Awhile back Fox News Chicago’s Anna Davlantes got excoriated for suggesting that libraries might be a waste of money in a digital age. It was a dopey report, but it did sort of inadvertently raise a decent question: how will libraries adapt to the increasing digitization of content? It opens up a lot of great possibilities, but the fact that digital concept is as much a new concept as a new technology also makes it tricky.

The CPL, in my opinion, does a nice job with digital content: they’ve got a good collection of audio books, and they lend digital books in EPUB, MOBI, and PDF forms. The selection is miniscule—it sends me back to my days of going to the county library, not without nostalgia—but I don’t really blame them. Today Jessamyn West, proprietor of and “rural librarian geek” points me to a comment she left at Wired which I think explains a lot, and should come as no surprise to anyone familiar with the wild world of DRM:

As it is, libraries that circulate digital *audio* books [the only thing they can really effectively circulate thanks to the blessings of the people who knew they could make DRM do what the publishers wanted] pay for the content yearly. So you the patron save money, but you the taxpayer lose it. Digital content costs hundreds of dollars more than its non-digital version. And it’s got a whole bunch of crazy rules governing what you can and can’t do with it.

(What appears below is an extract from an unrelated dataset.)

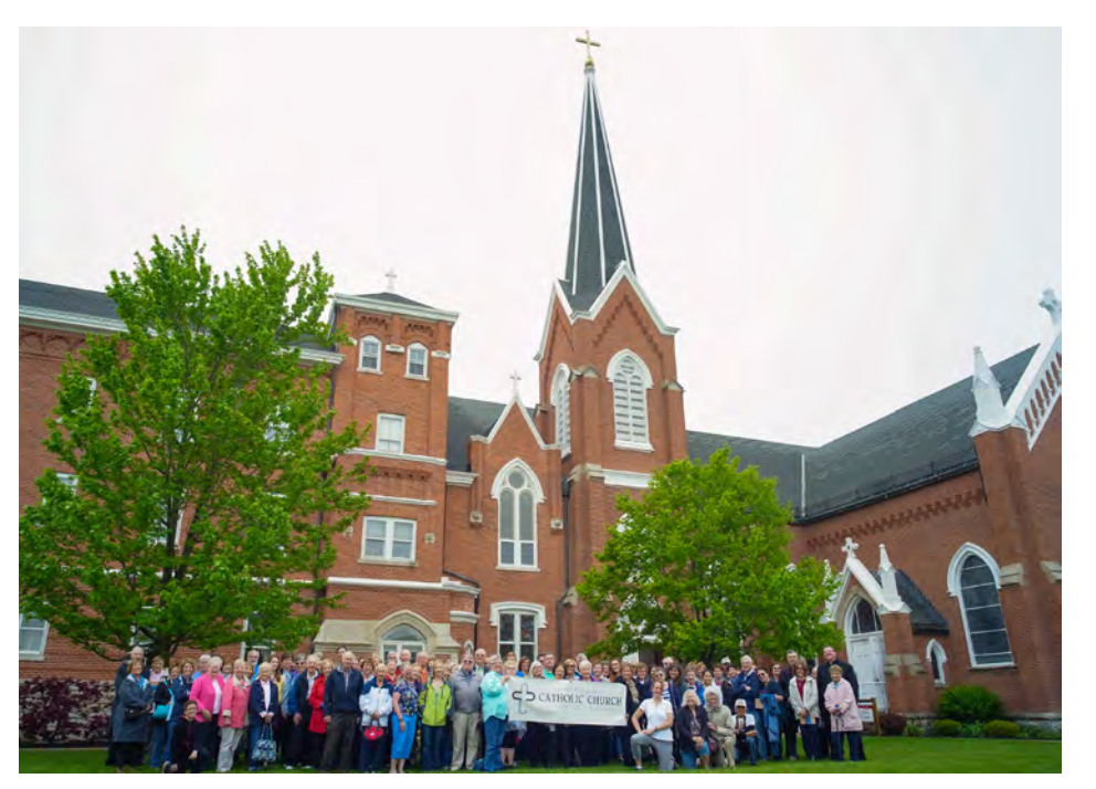
Tour group of about 100 people in front of Shrine of the Holy Relics.

Access to technology is one thing; it’s still expensive, but Amazon’s Kindle 2 (excellent on a technological level—I got one for my wife, and I think it’s superior in most respects to my Sony Reader Pocket edition—but somewhat frustrating from a DRM standpoint, being incompatible with EPUB, the closest thing to mp3 in e-books) is down to $139. Which is still expensive, but the price point isn’t bad and is heading down. But development, distribution, and rights protection remain expensive. Print eliminates a lot of these questions, and is a centuries-old technology—meaning that we’ve had plenty of time to adapt it to the public-library model. I expect that digital lending will get there, but I don’t think it can be rushed easily. It might seem paradoxical that digital distribution is more expensive, but only if you look at it from a user standpoint.

Speaking of the CPL, I’ve been meaning to give kudos to whoever curates their graphic novel selection, which is very good. I tend to digest graphic novels pretty quickly, which means that were it not for the CPL reading Osamu Tezuka’s eight-volume life of the Buddha would have cost me a couple hundred dollars over the course of a couple weeks.